Home to an international airport and located just off a major cross-country highway system, El Paso is the gateway to the United States for immigrants from the South, said Jose Sanchez, regional director of West Texas for the Department of Public Safety, a law enforcement agency. said Mr. It arrived on Tuesday working with border guards and 500 national guards to secure the border.

“There are often no other border crossings anywhere,” Sanchez said, increasing the shift of the 100 DPS officers assigned to the crisis, primarily to arrest smugglers and to keep smugglers out of town by the hundreds. They raided caches housing immigrants.

“It’s safer and much easier for migrants to go through [Ciudad] “We go from Juarez to El Paso because both are major municipalities and there are a lot more places to hide and come across,” he told the Post. It’s the reason I’m here.”

Clothing left by asylum-seeking immigrants in the United States hangs from razor wire on the border fence in Rio Bravo.
Clothing left by asylum-seeking immigrants in the United States hangs from razor wire on the border fence in Rio Bravo.

“We’re overwhelmed. ‘It’s like fighting Slinky from the air all day, all night.'”

Days after the state of emergency was declared, city officials converted part of El Paso’s downtown convention center into a temporary shelter with 1,000 cots for immigrants. Surrounded by trendy eateries and luxury hotels, the shelter also features a dining area, internet access and security. City officials say the 100,000-square-foot facility could provide more space for temporary shelters if needed.

Additionally, the city worked with the El Paso Independent School District to convert two empty schools into shelters.

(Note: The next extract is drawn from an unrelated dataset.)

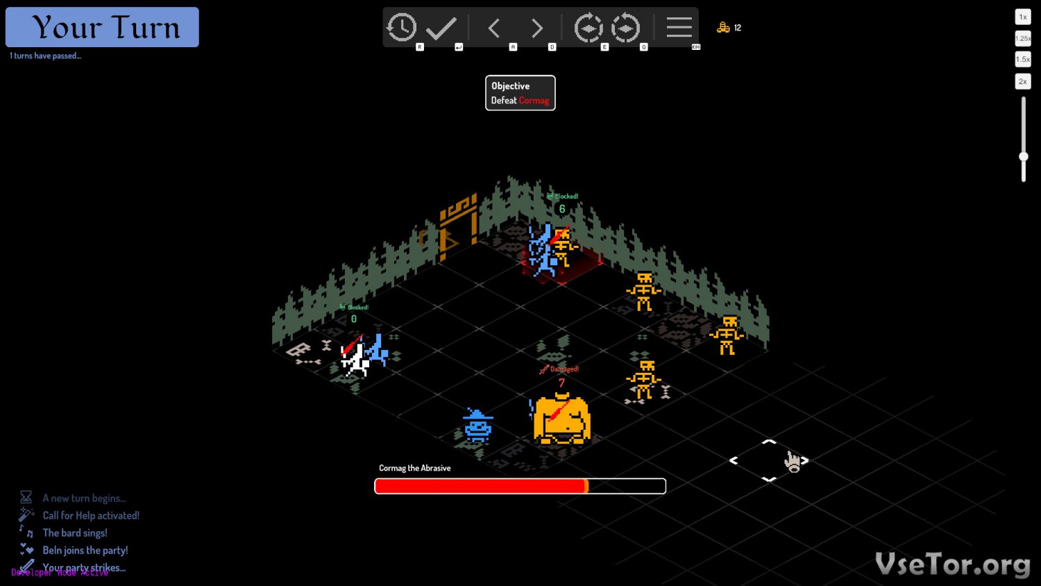 Что касается игрового процесса, так он в этой игре довольно прост. Есть одна большая глобальная карта, по которой вы в роли барда как раз-таки и будете путешествовать. Вам же предстоит управлять бардом и героями, находящимися под его управлением, сражаться в пошаговых битвах с разными противниками, выполнять задания, и двигаться понемногу вперед к цели. Ничего сложного, но при этом, сами сражения достаточно сложны. дело в том, что здесь всего лишь один неверный шаг может привести к поражению. А ведь смерть барда в The Song of the Fae перманентна. Вам придется научиться как полагается использовать особенности ваших героев, совершать маневры, используя пустые клетки на карте, прокачиваться, и не только.

A spokeswoman for the city of El Paso did not respond to a request for comment on Friday.

But one local entrepreneur put the blame for the city’s struggles squarely on the White House.

“The Biden administration has no plans,” John Barrera, CEO of the economic development nonprofit Borderplex Alliance, told The Post. “Their efforts are unsympathetic, unhumane and burdensome to local governments and taxpayers in our region. We need to develop more humane and thoughtful plans for migrants who are experiencing extraordinary difficulties crossing the border on the pretext that they are allowed to stay, 90% of them at immigration. It means that I can’t make my point in front of the government.”